Christer Holmberg <christer.holmberg@xxxxxxxxxxxx> writes:
> Hi Mark,
>
> Please see inline. I have removed the comments where your suggested
> solution is fine and I have nothing further to say.
I have done likewise.
> Section 1:
> -----------
>
> Q1_1:
>
....elided...
> > RFC5656 covers three specific constructions:
> >
> > a) Elliptic Curve Diffie-Hellman (ECDH),>
> > b) Elliptic Curve Menezes-Qu-Vanstone (ECMQV) key agreement, and
> > c) Elliptic Curve Digital Signature Algorithm (ECDSA).
> >
> > This draft does not cover the use of a digital signature algoirthm
> > or apply the Curve25519 or Curve448 constructions to the use of
> > ECMQV and focuses entirely on ECDH key exchange extensions for a
> > different construction of elliptic curves.
>
> Would it be good to indicate that in a note?
Possibly.
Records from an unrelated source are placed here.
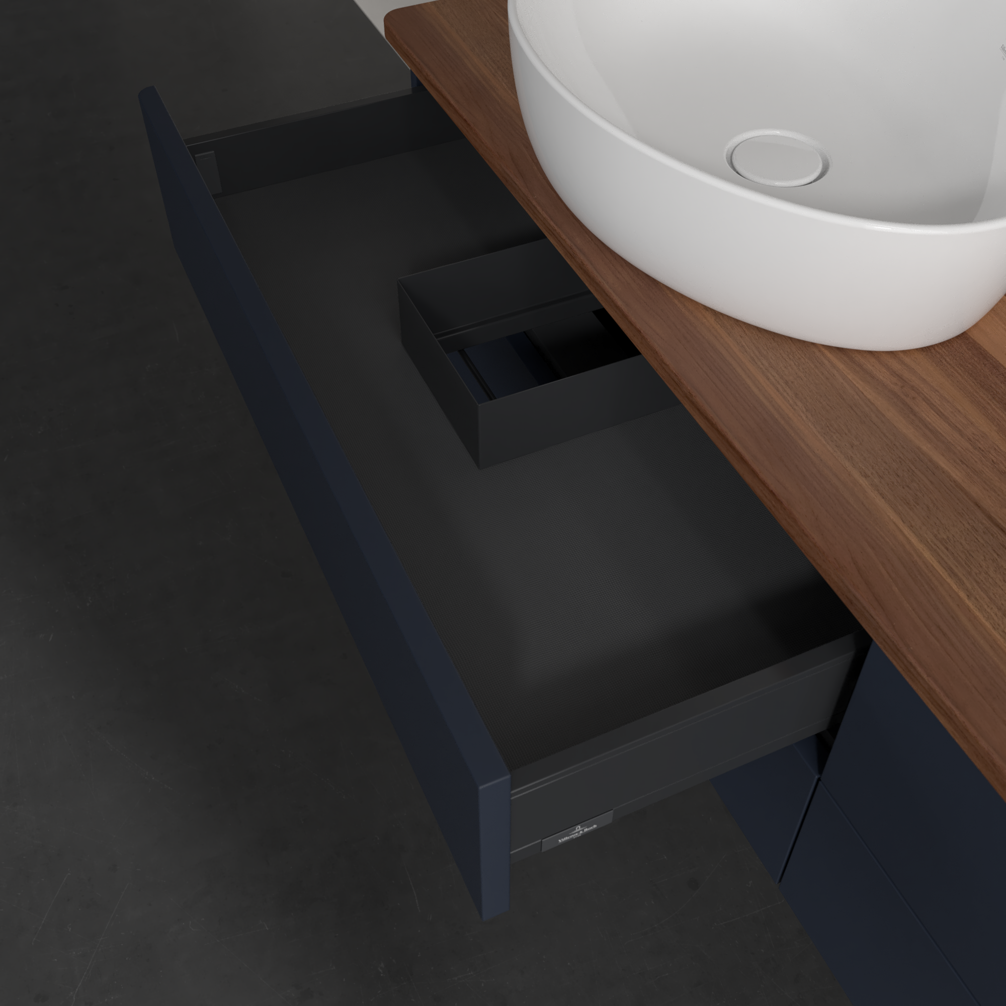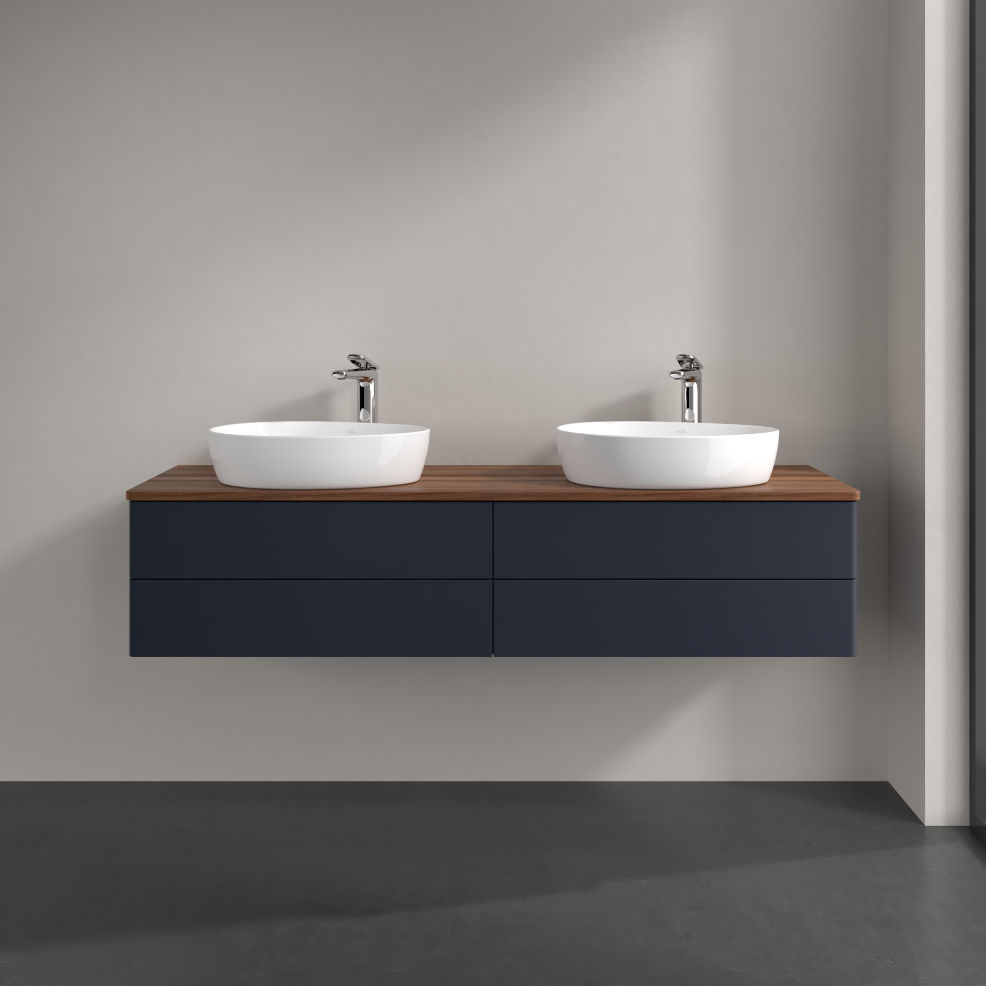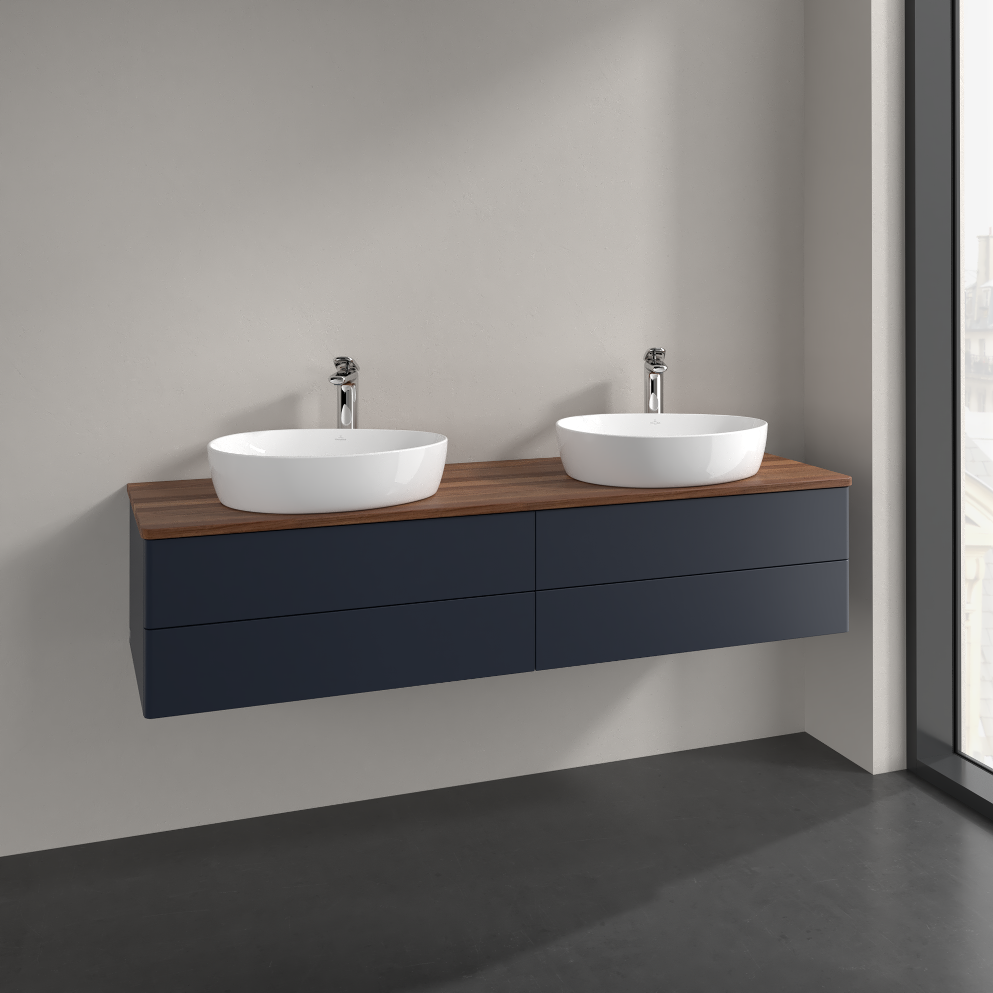 Antao Waschbeckenunterschrank, 4 Auszüge, 1600x360x500mm, Front ohne Struktur, Korpus: Midnight Blue Matt Lacquer, Front: Midnight Blue Matt Lacquer, Abdeckplatte: Warm Walnut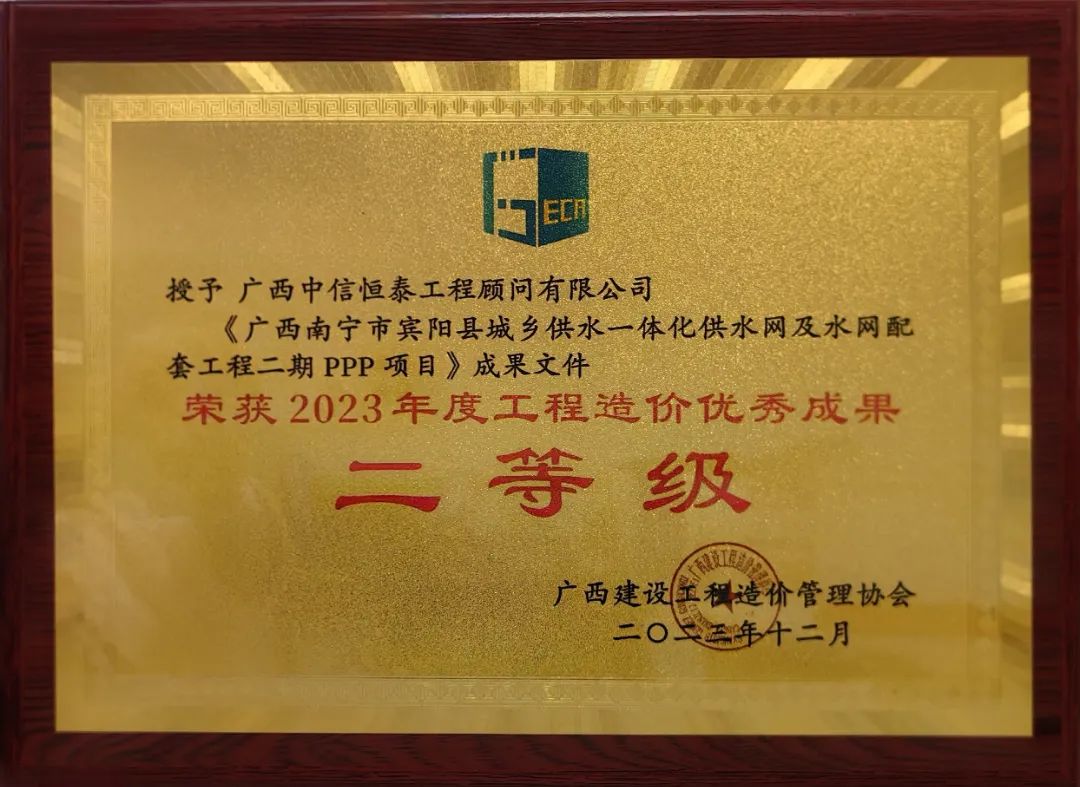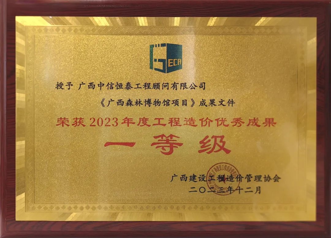 近日,廣西建設(shè)工程造價管理協(xié)會第五屆第五次理事會暨第三次會員代表大會在南寧順利召開,會上頒發(fā)了2023年度優(yōu)秀工程造價成果等級評定證書,中信恒泰編制的《廣西森林博物館項目》成果文件和《廣西南寧市賓陽縣城鄉(xiāng)供水一體化供水網(wǎng)及水網(wǎng)配套工程二期PPP項目》成果文件分別榮獲2023年度工程造價優(yōu)秀成果一、二等級。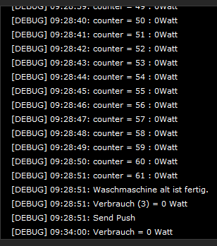 Ups. Der Trockner genehmigt sich doch noch etwas mehr Saft im Nachlauf. Konnte im Debug eben sehen, dass der Spitzenwert bei 201 Watt lag. Es waren weitere Werte knapp drunter dabei - also höher als meine aktuell eingetragenen 170. Werde dann heute Abend den Code nochmal anpassen. Danke!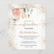 Un arrière - plan blanc décoré de verdure d'eucalyptus, d'or rose et de rose rose rousse, de feuilles dorés et de parties scintillant faux or en chute libre. Personnalisez et un nom et des détails de la cérémonie. Lettres noires et dorées. Retour : arrière - plan blanc avec gouttes de parties scintillant en faux or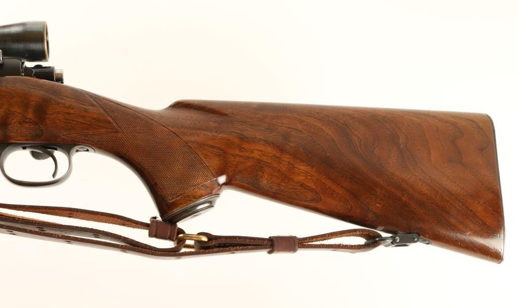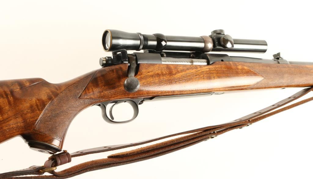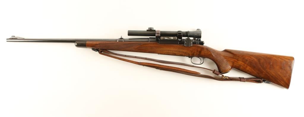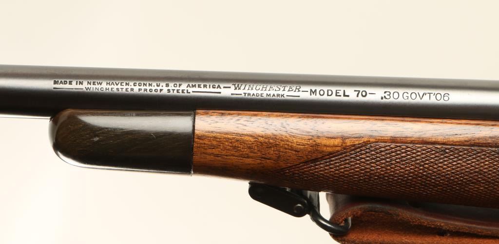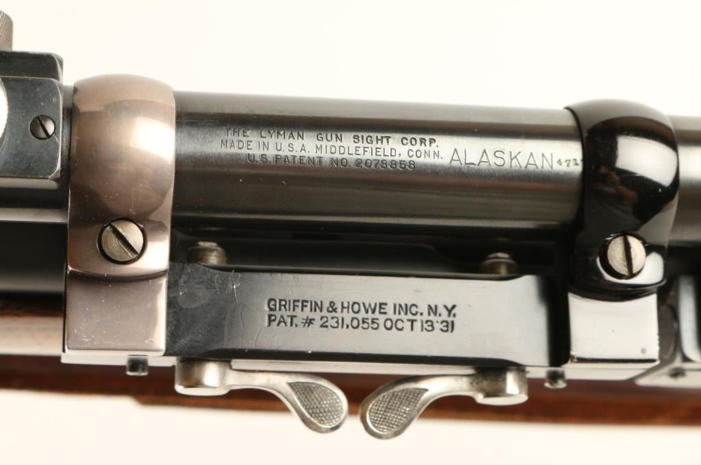 Winchester Model 70 .30Gov't06 S/N 41249 Customized high quality sporting rifle chambered in .30-06 Government, circa 1942. Features a blued finish, 24" tapered barrel, ramped blade front sight, dual folding leaf rear sights, side mounted Griffin & Howe scope base with Lyman Alaskan 2.5x scope, Lyman side mounted adjustable rear sight base, jeweled bolt, serrated trigger, hinged floorplate, checkered bolt handle, flush mount swivel studs,quick release sling swivels, brown leather sling, safety switch on bolt, and hand checked select grade walnut pistol grip shoulder stock with custom forend tip & checkered metal buttplate. Rifleretains approximately 97% strong bluing on barrel & receiver with heavy fading on floorplate, trigger guard, pistol grip cap & buttplate. Action is smooth ,bore is excellent as is the scope, and wood stock is finewith semi-sharp checkering. Condition is near excellent. ***C&R /MODERN EST:$750-1,500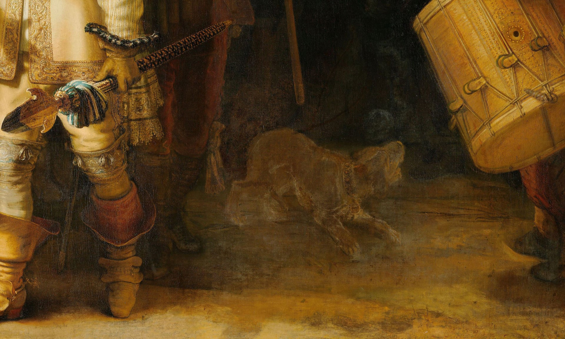 رامبرانت تابلوی «تماشای شب» را در سال ۱۶۴۲ و دوران طلایی هلند خلق کرد. این اثر بصورت رسمیتر با عنوان گروهان نظامی منطقه دو تحت فرمان سرهنگ فرانسیس بانیک کوک فرمانده گارد شهری آمستردام، معروف است. سرهنگ فرانسیس از رامبرانت خواسته بود تا پرترهای گروهی از گروهان تیراندازیاش خلق کند. این تابلو بیشتر حالت حرکتی به بیرون دارد تا حالتی از ایستایی گروهی مرسوم آن دوران در آثار هنری. در این تابلو چهرههای کانونی تقریبا در اندازه طبیعی خلق شده و سرهنگ و ستوان در مرکز تصویر و یک دختر در پس زمینه سمت چپ مرکز تصویر در هالهای از نور قرار دارد.
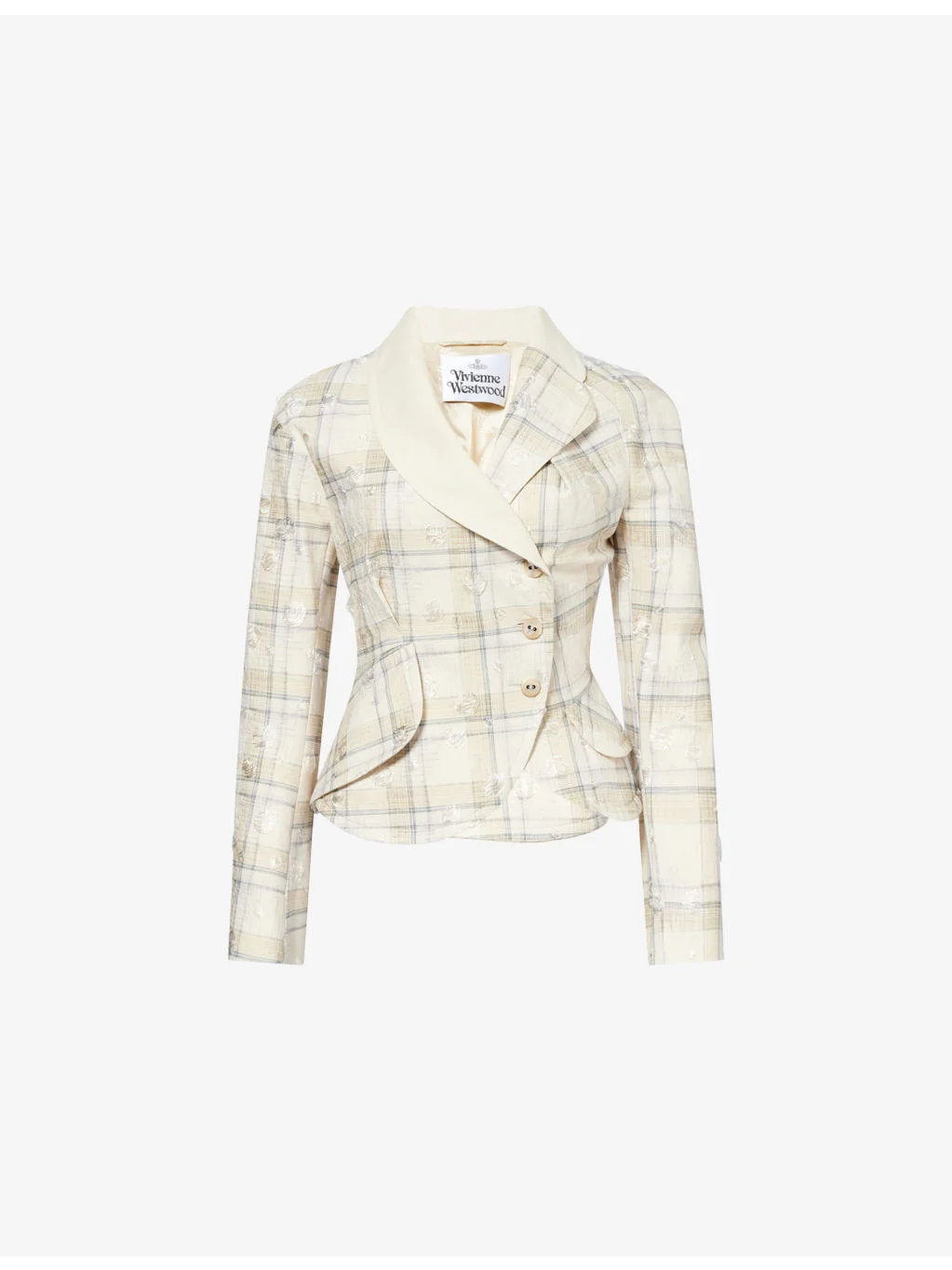 PRODUCT DETAILS - Vivienne Westwood cotton-blend jacket - 81% cotton, 18% viscose, 1% elastane; lining 100% viscose - Button fastening - Regular fit, notched lapels, long sleeves, flap peplum waist, slip pockets at front, all-over checked print and distressed patches, fully lined - Dry clean - Made in Italy - True to size - Size UK 8: length 23in / 58.5cm - Model is 5ft 10in/1.78m and wears a size UK 8 - Midweight, non-stretch Ref: R04600194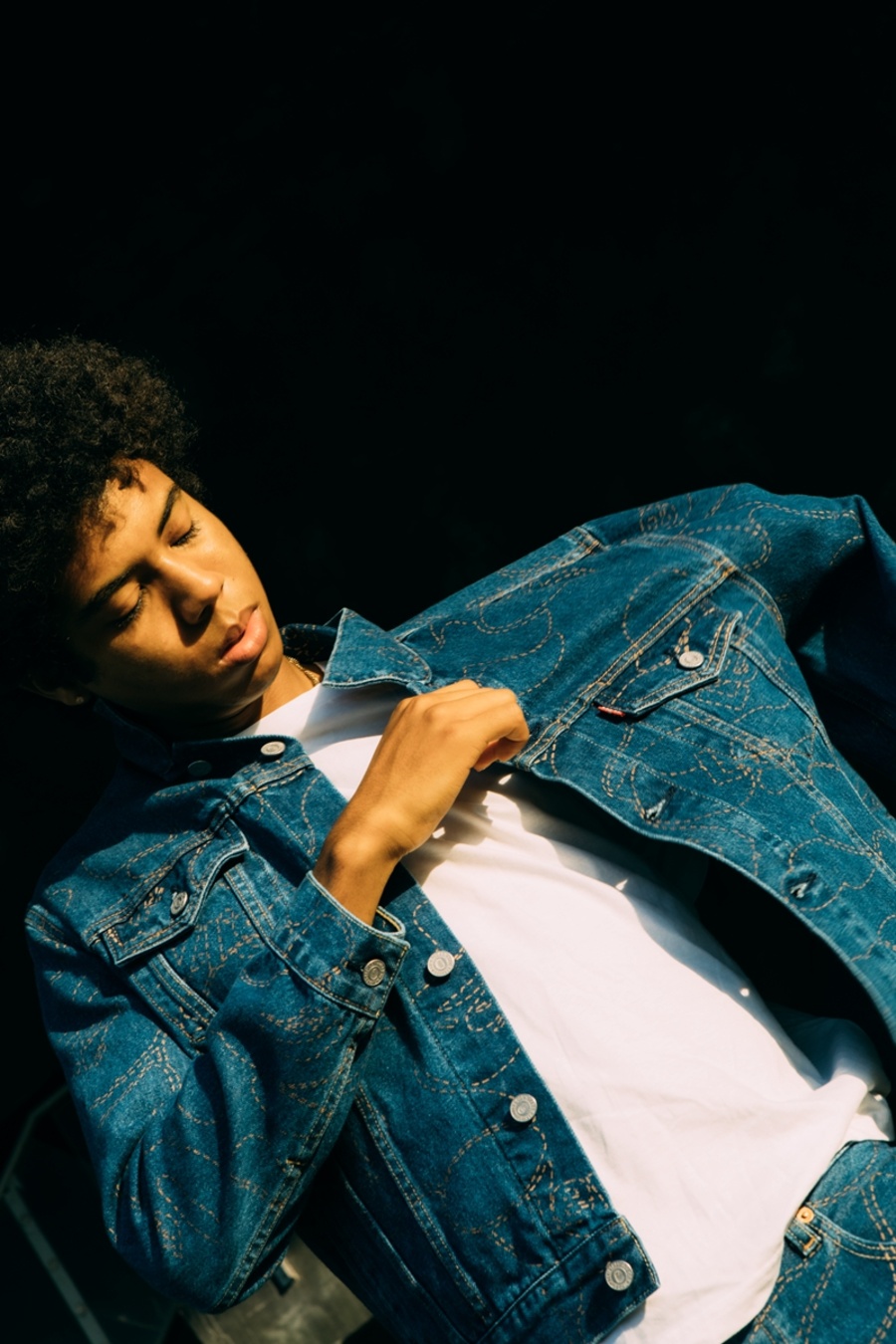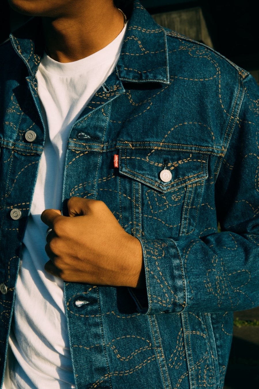 拉链牛仔夹克以 Levi’s 标志性的「Levi's® TYPE III SPLIT TRUCKER JACKET」为蓝本进行创作,并辅以颠覆性的对半拼接解构造型,正面以纽扣样式呈现,背面则以全拉链样式打造。

I could add this as the final sentence to the first paragraph
of the introduction:
Other parts of <xref target="RFC5656"/>, such as Elliptic Curve
Menezes-Qu-Vanstone (ECMQV) key agreement, and Elliptic Curve
Digital Signature Algorithm (ECDSA) are not considered in this
document.
....elided...
> > It seems a bit detailed to me for an introduction. Let me know if
> > you have any suggestions on a revision.
>
> I think the text looks good, and it is for sure a good clarification
> for a non-security person like myself :)
Okay, I will keep at as revised with the only other question being the
addition of the sentence noted previously.
....elided...
> Personally I would use "describe", but my main issue is being
> consistent - no matter what word is used :)
I will retain the 'This document defines...' text.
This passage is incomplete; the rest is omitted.